Exercise directions: Starting at the first line of the entries, extract each line up to and including the one that contains "Miniature Feather Necklace", but leave out the pictures.
== Input data ==
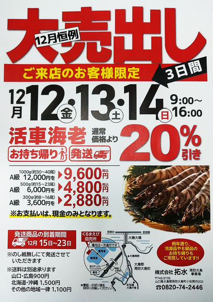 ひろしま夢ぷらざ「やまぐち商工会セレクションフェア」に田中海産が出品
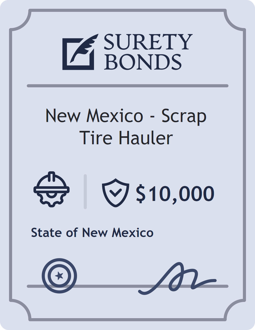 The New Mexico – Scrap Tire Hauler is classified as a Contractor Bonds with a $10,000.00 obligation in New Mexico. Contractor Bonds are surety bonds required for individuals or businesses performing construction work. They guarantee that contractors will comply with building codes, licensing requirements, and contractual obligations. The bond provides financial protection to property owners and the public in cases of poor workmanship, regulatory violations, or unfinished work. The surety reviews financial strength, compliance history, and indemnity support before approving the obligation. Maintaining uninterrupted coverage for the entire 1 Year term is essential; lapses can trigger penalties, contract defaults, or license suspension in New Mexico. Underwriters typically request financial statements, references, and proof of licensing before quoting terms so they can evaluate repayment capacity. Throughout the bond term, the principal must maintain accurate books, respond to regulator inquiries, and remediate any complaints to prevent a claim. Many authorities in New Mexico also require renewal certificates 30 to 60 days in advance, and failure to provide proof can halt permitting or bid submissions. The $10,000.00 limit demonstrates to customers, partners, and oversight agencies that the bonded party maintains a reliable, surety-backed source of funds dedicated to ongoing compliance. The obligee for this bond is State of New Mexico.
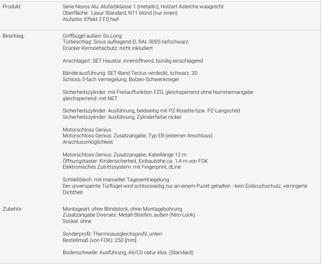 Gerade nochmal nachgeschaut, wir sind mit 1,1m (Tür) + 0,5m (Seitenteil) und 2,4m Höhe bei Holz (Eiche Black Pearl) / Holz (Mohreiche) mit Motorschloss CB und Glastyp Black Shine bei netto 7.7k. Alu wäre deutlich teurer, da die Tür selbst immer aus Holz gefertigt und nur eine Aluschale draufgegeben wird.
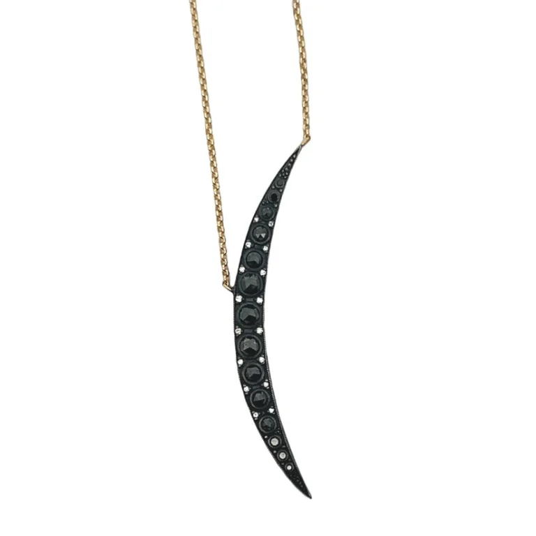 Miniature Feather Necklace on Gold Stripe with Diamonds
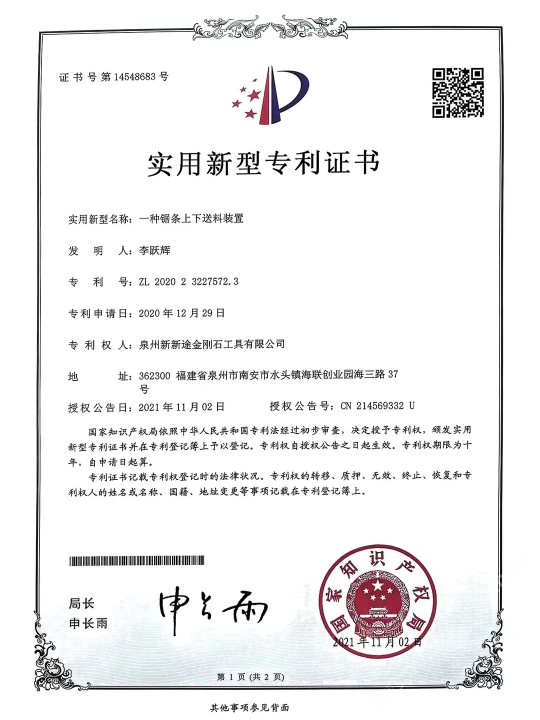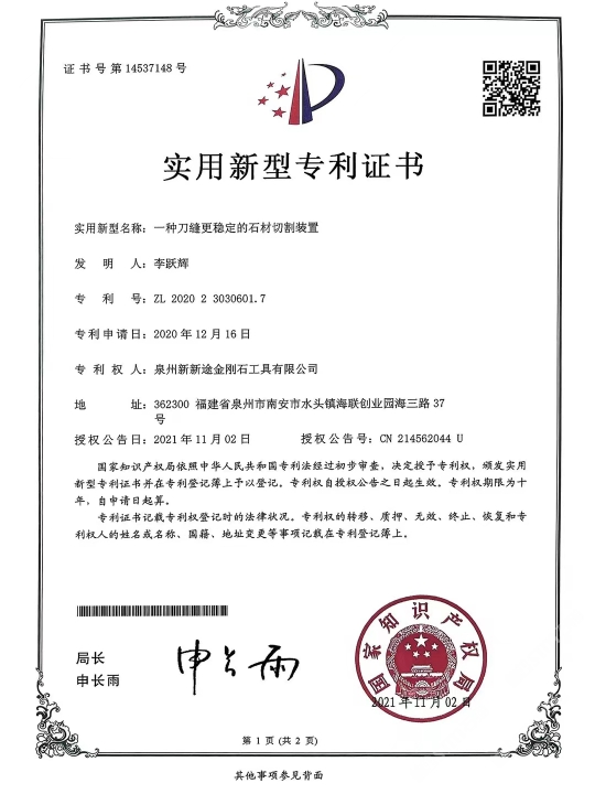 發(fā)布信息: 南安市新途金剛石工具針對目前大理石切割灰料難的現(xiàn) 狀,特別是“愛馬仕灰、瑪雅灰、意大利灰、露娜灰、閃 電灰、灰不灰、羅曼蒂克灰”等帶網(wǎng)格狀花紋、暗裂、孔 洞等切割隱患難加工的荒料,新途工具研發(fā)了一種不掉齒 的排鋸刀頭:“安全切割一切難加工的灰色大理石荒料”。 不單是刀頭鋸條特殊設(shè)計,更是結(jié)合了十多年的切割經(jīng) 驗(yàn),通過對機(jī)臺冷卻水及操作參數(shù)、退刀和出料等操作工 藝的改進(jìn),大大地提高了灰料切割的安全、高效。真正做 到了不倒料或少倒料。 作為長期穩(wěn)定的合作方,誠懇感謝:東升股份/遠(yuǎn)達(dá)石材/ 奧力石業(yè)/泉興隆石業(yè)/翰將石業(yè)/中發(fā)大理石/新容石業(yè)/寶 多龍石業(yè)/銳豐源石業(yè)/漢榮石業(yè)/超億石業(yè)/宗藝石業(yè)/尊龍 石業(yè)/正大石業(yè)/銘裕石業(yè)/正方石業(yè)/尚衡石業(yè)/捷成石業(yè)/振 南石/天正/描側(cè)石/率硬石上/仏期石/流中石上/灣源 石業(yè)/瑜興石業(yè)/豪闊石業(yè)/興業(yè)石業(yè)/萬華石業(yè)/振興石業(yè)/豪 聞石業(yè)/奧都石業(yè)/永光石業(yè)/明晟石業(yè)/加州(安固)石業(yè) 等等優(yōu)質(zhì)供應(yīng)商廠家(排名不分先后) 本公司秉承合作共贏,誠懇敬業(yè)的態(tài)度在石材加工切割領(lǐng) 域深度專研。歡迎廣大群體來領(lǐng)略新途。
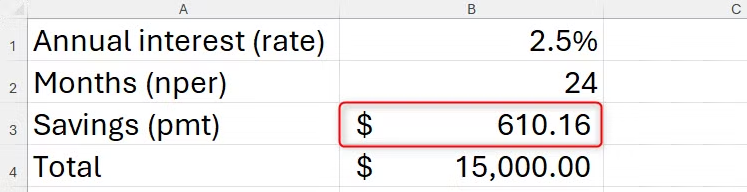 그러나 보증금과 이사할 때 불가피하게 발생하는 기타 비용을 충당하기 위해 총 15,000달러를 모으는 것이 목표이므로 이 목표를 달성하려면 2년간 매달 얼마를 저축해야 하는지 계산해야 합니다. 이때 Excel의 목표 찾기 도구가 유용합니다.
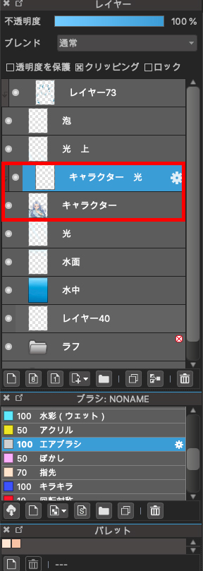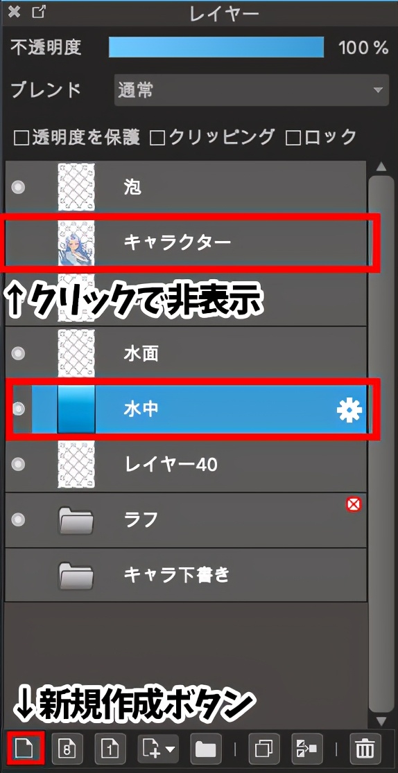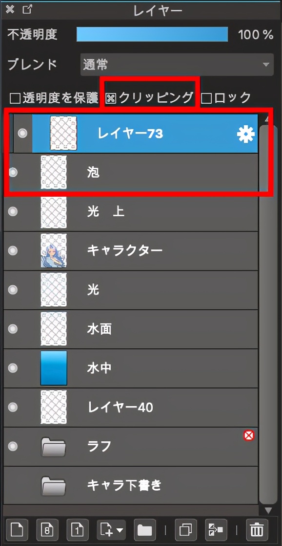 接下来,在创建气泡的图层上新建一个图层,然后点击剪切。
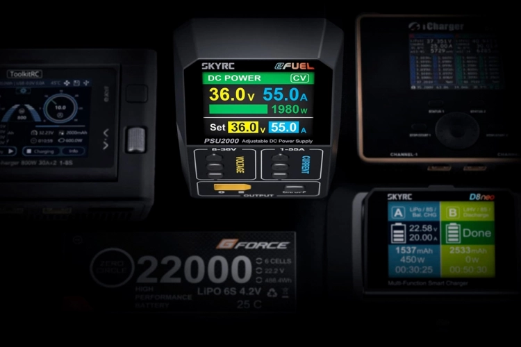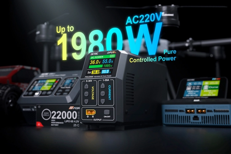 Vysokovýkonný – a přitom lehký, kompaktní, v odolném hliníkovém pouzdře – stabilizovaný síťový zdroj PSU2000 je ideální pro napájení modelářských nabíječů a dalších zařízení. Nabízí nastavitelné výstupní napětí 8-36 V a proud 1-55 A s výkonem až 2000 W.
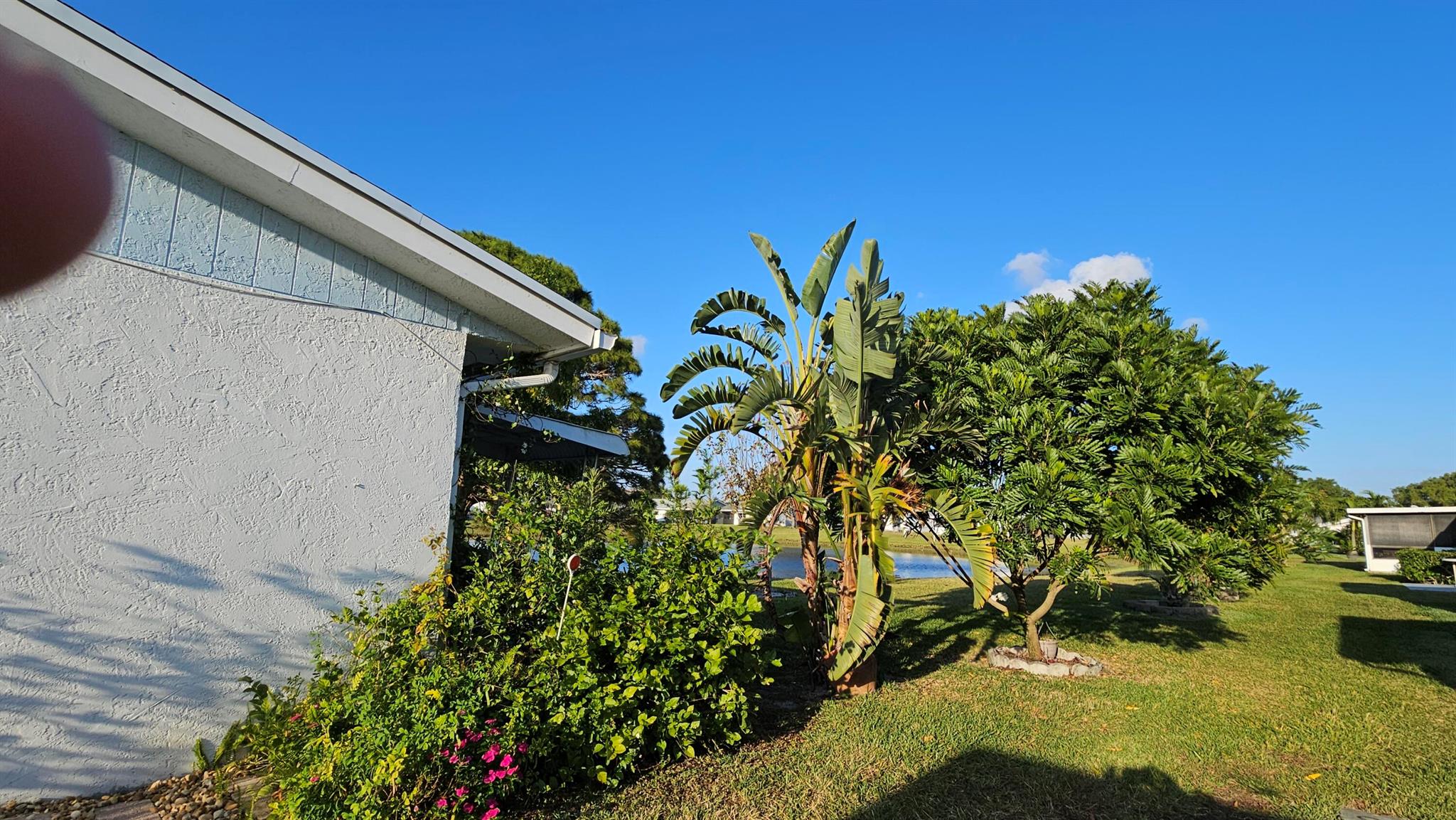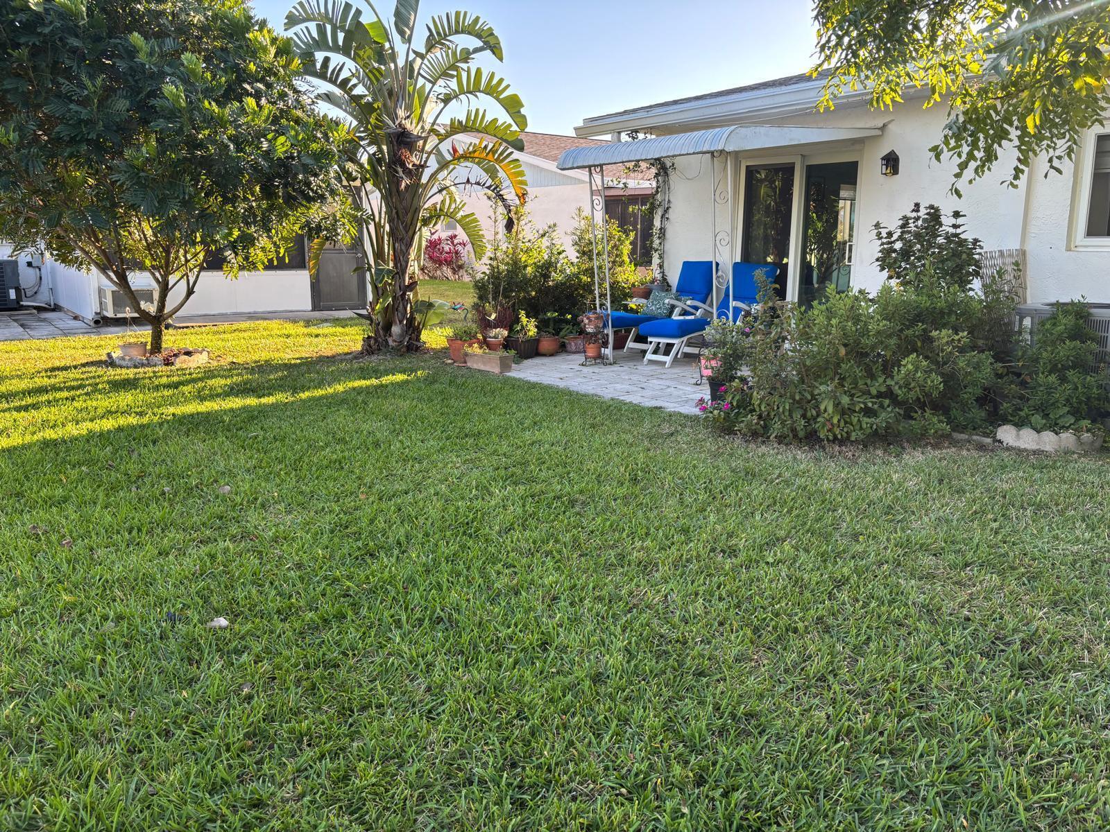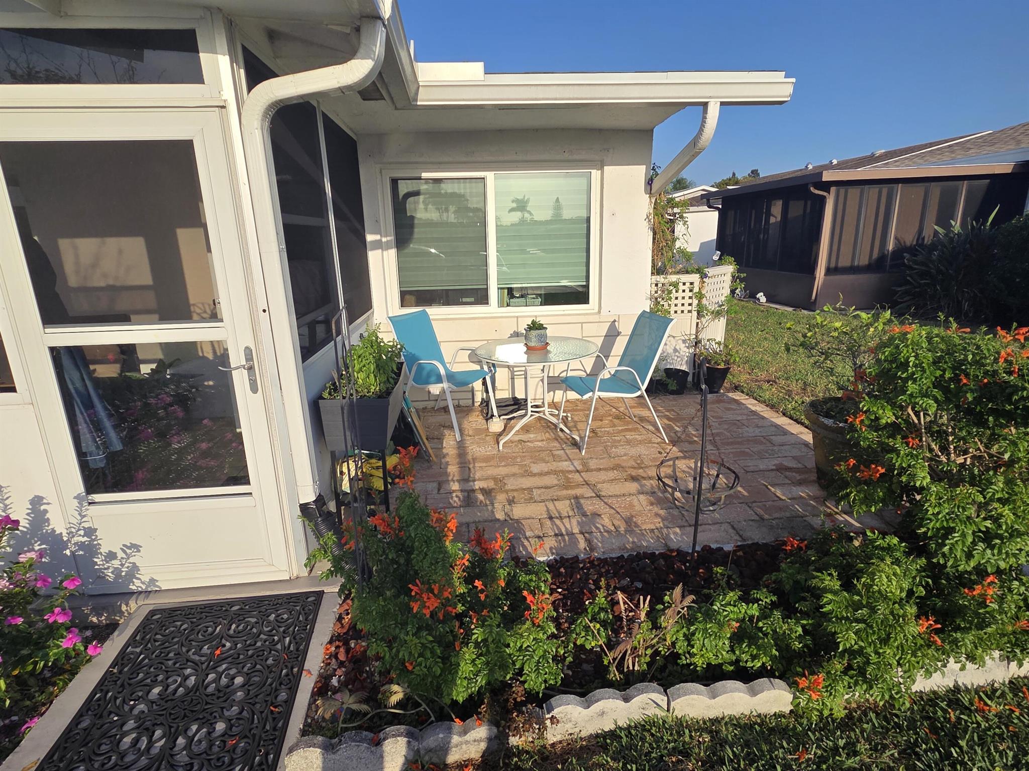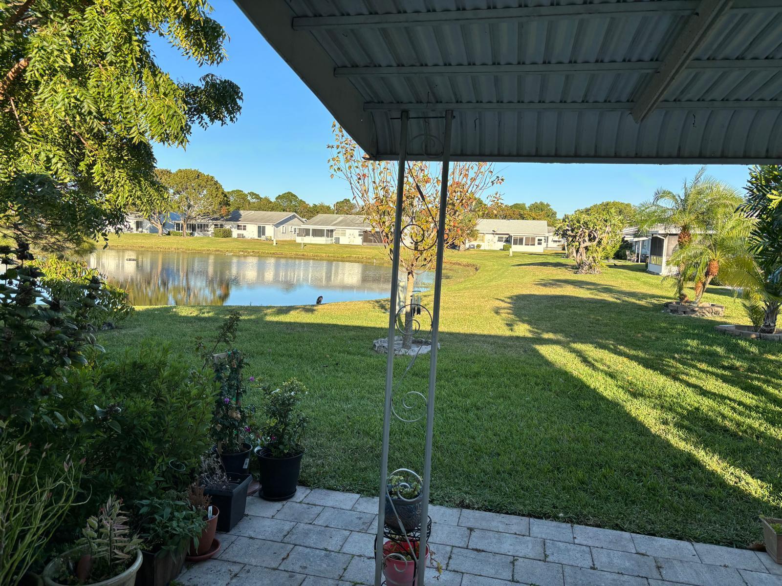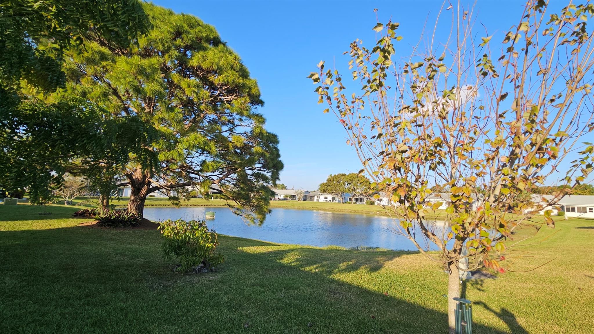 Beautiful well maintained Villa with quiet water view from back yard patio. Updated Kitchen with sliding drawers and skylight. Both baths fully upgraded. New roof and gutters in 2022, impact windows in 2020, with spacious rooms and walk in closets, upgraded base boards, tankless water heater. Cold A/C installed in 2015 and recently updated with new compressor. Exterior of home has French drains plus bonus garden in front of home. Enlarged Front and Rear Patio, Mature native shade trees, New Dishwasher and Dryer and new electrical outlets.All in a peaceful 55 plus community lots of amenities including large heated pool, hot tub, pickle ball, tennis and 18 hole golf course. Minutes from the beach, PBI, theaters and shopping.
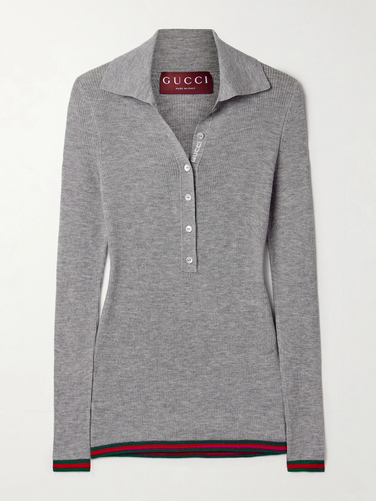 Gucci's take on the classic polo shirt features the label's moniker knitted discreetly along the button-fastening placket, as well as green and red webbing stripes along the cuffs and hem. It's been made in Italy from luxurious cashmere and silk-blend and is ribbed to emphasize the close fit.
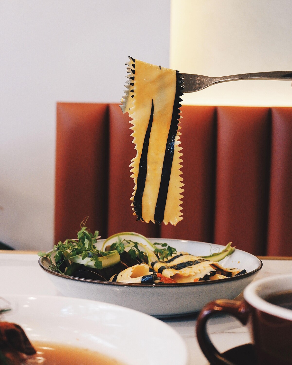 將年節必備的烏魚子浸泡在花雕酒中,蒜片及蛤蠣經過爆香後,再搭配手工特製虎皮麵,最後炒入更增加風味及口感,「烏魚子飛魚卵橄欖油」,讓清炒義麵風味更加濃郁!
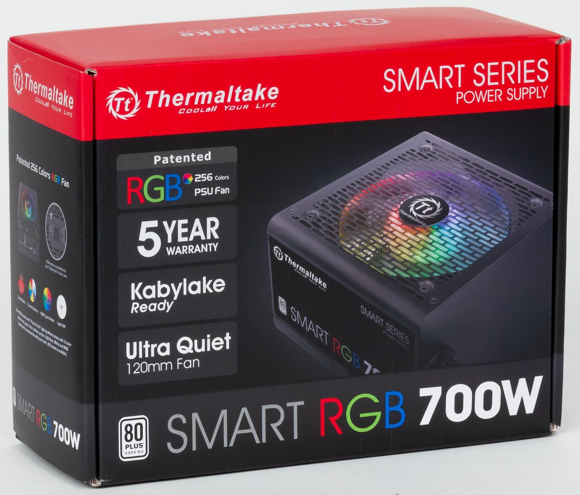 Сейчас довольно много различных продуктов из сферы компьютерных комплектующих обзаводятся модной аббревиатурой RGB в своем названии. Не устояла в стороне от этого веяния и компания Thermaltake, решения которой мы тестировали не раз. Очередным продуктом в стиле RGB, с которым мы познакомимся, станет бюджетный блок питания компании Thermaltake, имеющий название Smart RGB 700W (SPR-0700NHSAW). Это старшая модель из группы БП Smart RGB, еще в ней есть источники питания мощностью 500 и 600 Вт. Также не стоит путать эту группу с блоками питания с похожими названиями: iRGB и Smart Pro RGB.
===
Solution below:
 ひろしま夢ぷらざ「やまぐち商工会セレクションフェア」に田中海産が出品
 The New Mexico – Scrap Tire Hauler is classified as a Contractor Bonds with a $10,000.00 obligation in New Mexico. Contractor Bonds are surety bonds required for individuals or businesses performing construction work. They guarantee that contractors will comply with building codes, licensing requirements, and contractual obligations. The bond provides financial protection to property owners and the public in cases of poor workmanship, regulatory violations, or unfinished work. The surety reviews financial strength, compliance history, and indemnity support before approving the obligation. Maintaining uninterrupted coverage for the entire 1 Year term is essential; lapses can trigger penalties, contract defaults, or license suspension in New Mexico. Underwriters typically request financial statements, references, and proof of licensing before quoting terms so they can evaluate repayment capacity. Throughout the bond term, the principal must maintain accurate books, respond to regulator inquiries, and remediate any complaints to prevent a claim. Many authorities in New Mexico also require renewal certificates 30 to 60 days in advance, and failure to provide proof can halt permitting or bid submissions. The $10,000.00 limit demonstrates to customers, partners, and oversight agencies that the bonded party maintains a reliable, surety-backed source of funds dedicated to ongoing compliance. The obligee for this bond is State of New Mexico.
 Gerade nochmal nachgeschaut, wir sind mit 1,1m (Tür) + 0,5m (Seitenteil) und 2,4m Höhe bei Holz (Eiche Black Pearl) / Holz (Mohreiche) mit Motorschloss CB und Glastyp Black Shine bei netto 7.7k. Alu wäre deutlich teurer, da die Tür selbst immer aus Holz gefertigt und nur eine Aluschale draufgegeben wird.
 Miniature Feather Necklace on Gold Stripe with Diamonds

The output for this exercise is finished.